_About this task_
Write the listing below out again exactly, dropping the images.

_Data to process_
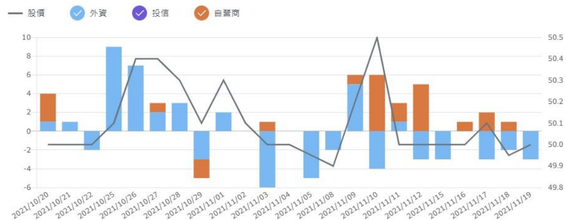
圖四 近一個月關貿的法人買賣超張數

圖四為近 1 個月關貿的法人進出狀況，我們發現該股票法人的進出張數都很少，所以三大法人進出張數對這檔股票並沒有代表性，所以本組決定以董監事的持股比例作為內部人是否看好自家股票的參考依據。
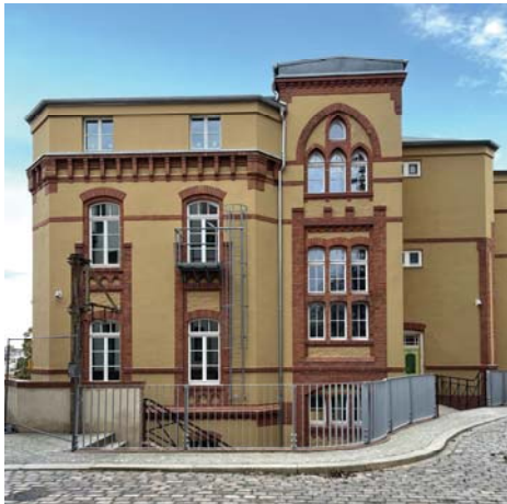
Ehemalige preußische Arbeitsanstalt - Nordteil...
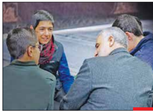
پدری مهربان برای همه فرزندان اسلام...
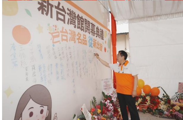
圖 31(下)：市長於開幕典禮紀念版上簽名紀錄。
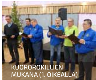
KUOROROKILLIEN MUKANA (1. OIKEALLA)

_Response area_
圖四 近一個月關貿的法人買賣超張數

圖四為近 1 個月關貿的法人進出狀況，我們發現該股票法人的進出張數都很少，所以三大法人進出張數對這檔股票並沒有代表性，所以本組決定以董監事的持股比例作為內部人是否看好自家股票的參考依據。
Ehemalige preußische Arbeitsanstalt - Nordteil...
پدری مهربان برای همه فرزندان اسلام...
圖 31(下)：市長於開幕典禮紀念版上簽名紀錄。
KUOROROKILLIEN MUKANA (1. OIKEALLA)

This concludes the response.